Linux配置cuda + cudnn深度学习环境
1.查看Linux系统版本信息
cat /etc/issue
2.查看显卡型号
lspci |grep -i nvidia
# 如果出现的信息看不出是什么型号,可能是由于驱动问题无法显示显卡的具体型号,如出现类似如下信息:
01:00.0 VGA compatible controller: NVIDIA Corporation Device 2204 (rev a1)
01:00.1 Audio device: NVIDIA Corporation Device 1aef (rev a1)

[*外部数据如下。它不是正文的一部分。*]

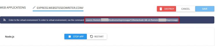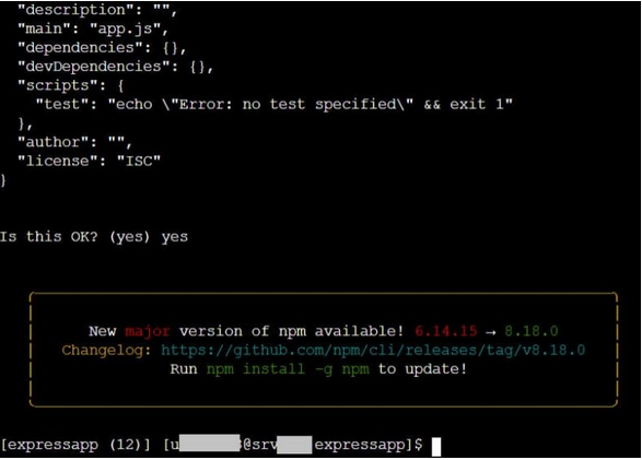 Anda sudah berada di langkah terakhir menginstal Express js di hosting. Di sini, Anda perlu memeriksa hasil akhir instalasi dengan:

# 当出现这种情况,需要将出现的数字(2204)输入如下网站,可以查询出对应的硬件型号
http://pci-ids.ucw.cz/mods/PC/10de?action=help?help=pci
3.根据1,2得到的信息,查找合适的驱动版本,并下载。网站如下:
https://www.nvidia.cn/Download/index.aspx?lang=cn#
4.卸载当前显卡驱动,安装新的显卡驱动。
1. 屏蔽开源驱动 nouveau
sudo vim /etc/modprobe.d/blacklist.conf
在文件最后部分插入以下两行内容:
blacklist nouveau
options nouveau modeset=0
2. 删除旧NVIDIA驱动
sudo nvidia-uninstall
sudo apt-get purge nvidia-*
sudo apt-get remove --purge nvidia-\*
3. 重启电脑
sudo reboot
4. 关闭图形界面
sudo service lightdm stop
如果提示 unit lightdm.service not loaded
则先安装LightDm: sudo apt install lightdm
安装完毕后跳出一个界面,选择lightdm,再sudo service lightdm stop
5. 执行安装驱动
sudo chmod a+x NVIDIA....(自行下载的驱动名)
sudo ./NVIDIA.....(自行下载的驱动名)
遇到Would you like to register the kernel module sources with DKMS? This will allow DKMS to automatically build a new module, if you install a different kernel later
选择No
遇到The CC version check failed: ......
则退出安装,选择正确的gcc版本
sudo update-alternatives --config gcc
遇到Nvidia's 32-bit compatibility libraries?
选择No
遇到Would you like to run the nvidia-xconfigutility to automatically update your x configuration so that the NVIDIA x driver will be used when you restart x? Any pre-existing x confile will be backed up
选择Yes
6.安装完毕
nvidia-smi
5.查看cuda版本与显卡驱动版本的对应关系
https://docs.nvidia.com/cuda/cuda-toolkit-release-notes/index.html
6.下载安装cuda。在选择版本时,可以参考用的深度学习框架(如pytorch)支持到cuda哪个版本。
选择runfile格式。

cuda版本选择
runfile安装过程中会提醒是否继续(Existing package manager installation of the driver found. It is strongly recommended that you remove this before continuing.),选择继续continue,在后续选择安装内容时去除驱动选择。
添加到系统环境变量中:
echo '# CUDA Soft Link' >> ~/.bashrc
echo 'export PATH=/usr/local/cuda-10.1/bin${PATH:+:${PATH}}' >> ~/.bashrc
echo 'export LD_LIBRARY_PATH=/usr/local/cuda-10.1/lib64${LD_LIBRARY_PATH:+:${LD_LIBRARY_PATH}}' >> ~/.bashrc
source ~/.bashrc
后测试一下CUDA是否成功安装,运行nvcc -V:
nvcc: NVIDIA (R) Cuda compiler driver
Copyright (c) 2005-2020 NVIDIA Corporation
Built on Tue_Sep_15_19:10:02_PDT_2020
Cuda compilation tools, release 11.1, V11.1.74
Build cuda_11.1.TC455_06.29069683_0
7.下载安装cudnn
https://developer.nvidia.com/cudnn
下载之后解压:
tar zxvf + 文件名
然后执行(版本号需要替换):
sudo cp cuda/include/cudnn.h /usr/local/cuda-10.1/include
sudo cp cuda/lib64/libcudnn* /usr/local/cuda-10.1/lib64
sudo chmod a+r /usr/local/cuda-10.1/include/cudnn.h
sudo chmod a+r /usr/local/cuda-10.1/lib64/libcudnn*
8.测试cuda和cudnn是否可用的代码
import torch
print(2.0)
device = torch.device("cuda:0" if torch.cuda.is_available() else "cpu")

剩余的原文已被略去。